El jueves 13 de septiembre fue un día histórico para la Argentina. No porque el asesinato de un criminal haya quedado impune; tampoco porque la familia de esa persona esté molesta o dolorida. Eso no es para festejar. Fue un día histórico porque el sentido de justicia básico y universal, que reside en la consciencia del ser humano medio, ha prevalecido sobre las elucubraciones abstractas y dogmáticas de una minoría que ha pretendido autoinfligirse un aire de falsa superioridad alejándose deliberadamente del sentido común.
Un jurado popular declaró “no culpable” a Daniel Oyarzún, el carnicero que, en un día de trabajo común y corriente, fue sorprendido y atacado por unos malhechores que casi arruinan por completo su vida. Sólo la arruinaron parcialmente (perdió su negocio), y ahora el jurado popular le ha dado a esta víctima una nueva oportunidad para reconstruir su vida y su tranquilidad.
Él trabajador en cuestión no eligió la situación que lo llevó a quitarle la vida a un delincuente, atropellándolo tras perseguirlo con su auto. Él sólo se dedicó a trabajar, cooperar y alimentar y cuidar a su familia.
Fueron ellos, los delincuentes, quienes en algún momento tomaron la decisión de arriesgar su propia vida, y la de ciudadanos inocentes, sólo por un mísero botín material ajeno. No era justo que el carnicero fuera declarado culpable, ni siquiera aunque la pena hubiera quedado en suspenso. El peso simbólico de una condena judicial hubiera sido una afrenta infame para un ciudadano de bien.
Preguntado sobre si el fallo hubiera sido igual en caso de haber sido decidido por un juez, Ricardo Canaletti, uno de los analistas penales más reconocidos y escuchados del país, respondió contundentemente que no. Esto amerita una reflexión sobre la medida en que los jueces de nuestro país se han alejado del sentir general de justicia de la sociedad. ¿Acaso no es el Derecho una herramienta para proteger ese sentido básico de justicia que tenemos los seres conscientes, racionales y empáticos? No se trata de acomodar la ley a la opinión personal, sino de que el Derecho cumpla su cometido.
Este cambio es un eslabón de un proceso más amplio, que tiene que ver con la democratización de Argentina. No se trata de Macri o de Cambiemos. Es un proceso que ocurre por la confluencia de fuerzas históricas diversas, algunas más lejanas en el tiempo y otras más cercanas, que favorecen la consolidación de instituciones representativas.
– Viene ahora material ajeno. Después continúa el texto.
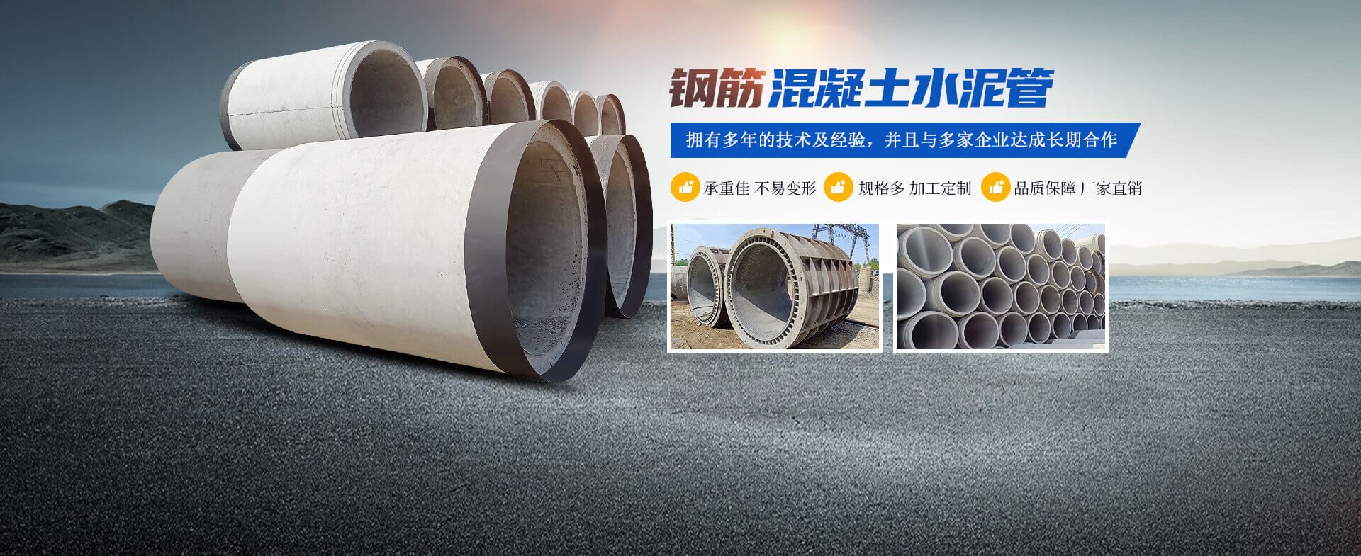 洛陽(yáng)運(yùn)曌建筑材料有限公司專于從事水泥制品開(kāi)發(fā)、制作、生產(chǎn)、銷售、工程服務(wù)為一體的綜合性企業(yè)。主要生產(chǎn)鋼筋混凝土排水管、鋼承口頂管、承插管、平口管、雨污井蓋、路沿石、水泥預(yù)制板、仿木圍欄護(hù)欄系列、畜牧系列等混凝土水泥預(yù)制品。  我公司生產(chǎn)的鋼筋混凝土排水管是依據(jù)執(zhí)行標(biāo)準(zhǔn)GB/T11836-2023生產(chǎn)檢驗(yàn)、擁有三條懸輥工藝生產(chǎn)線;型號(hào)300-3000;年生產(chǎn)能力達(dá)30000米左右,質(zhì)量是企業(yè)之本.........了解更多>>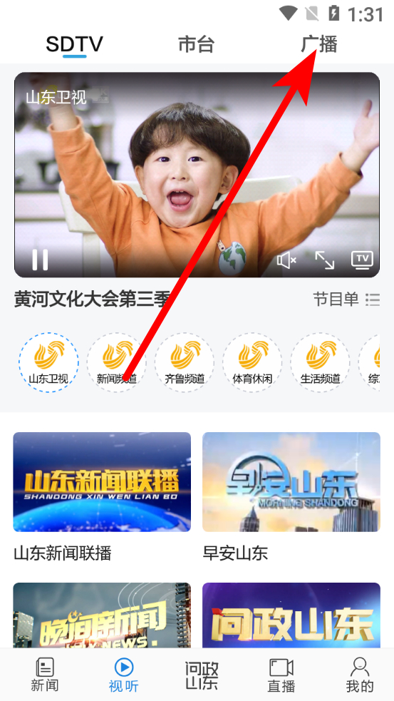2、在视听页面,点击上方广播选项,进入广播频道选择页面。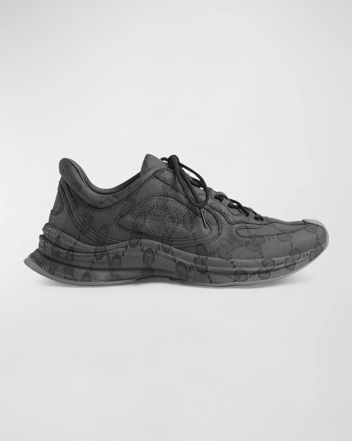 - Gucci fashion sneakers in leather with an allover GG water transfer print - Chunky flat heel - Reinforced round toe - Lace-up vamp - Round shoelaces - Padded collar - Heel logo lettering - GG-printed midsole - Rubber outsole - Made in Italy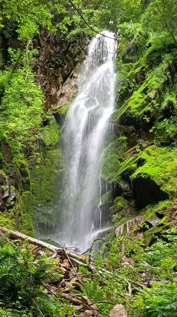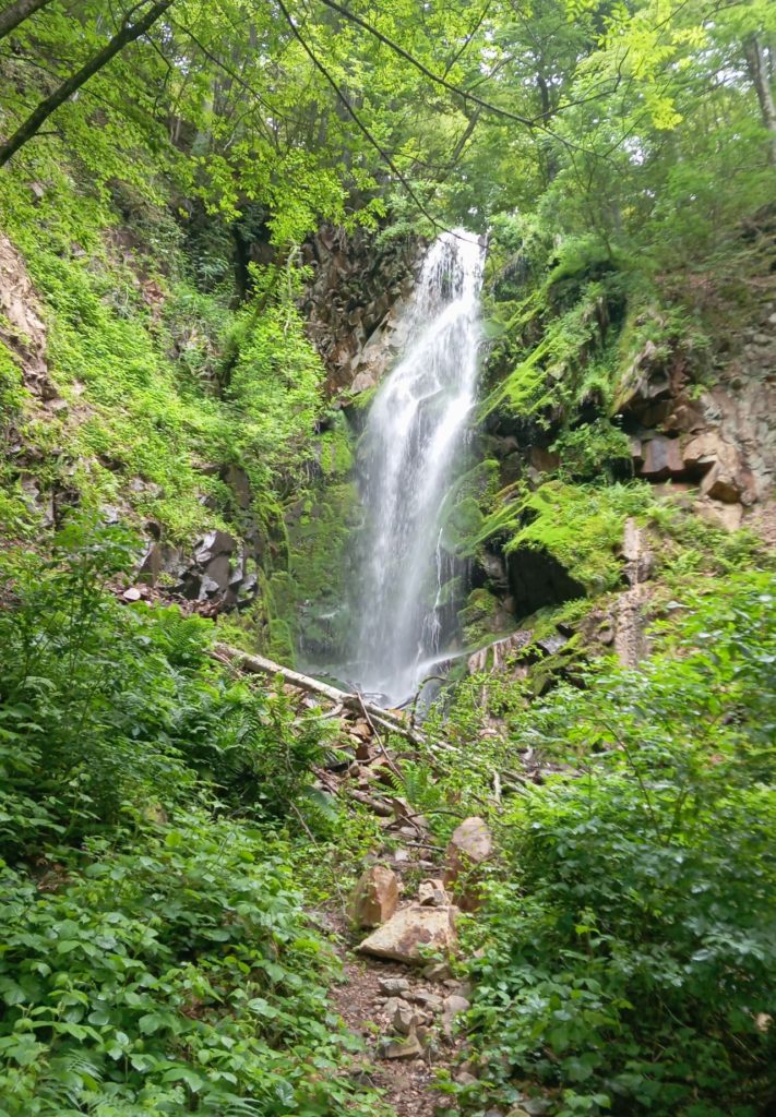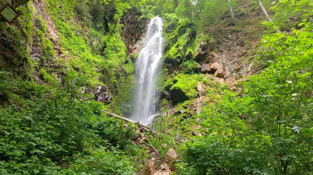 След около 5 мин преминавате през второ мостче и започвате изкачване на последните метри към водопада. Изкачвате дървени стълби (към момента в недобро състояние) и сте под пръските на Мангъро. Падът на водата е около 12-15 м. но красотата му е невероятна.

El fin de las dictaduras militares, la continuidad de la experiencia electoral, la madurez relativa de la cultura democrática de la población, el surgimiento de partidos no clientelares, el desarrollo de medios de comunicación independientes, la consolidación de una Corte Suprema independiente y el hartazgo de la ciudadanía con la corrupción, son algunos de los factores que pueden enumerarse en relación con este proceso de consolidación democrática.
El juicio por jurado, que está en nuestra Constitución desde 1853 pero recién ahora empieza a ser implementado por algunas provincias, es un elemento que apuntala lo anterior.
La institución del jurado popular, bien implementada (como parece ser que lo está en la provincia de Buenos Aires), tiene numerosas ventajas. No es sólo una manera de que el pueblo se sienta más reflejado en el contenido de los fallos judiciales. También supone una mayor consciencia y conocimiento de los ciudadanos sobre los principios generales y fundamentos del Estado de Derecho, un mayor sentido de la responsabilidad compartida, un mayor nivel de respeto y confianza hacia las instituciones y una superior independencia y agilidad del Poder Judicial. Pero, sobre todas las cosas, el juicio por jurado es, básicamente, más probabilidad de justicia y menos de dogmatismo irreal.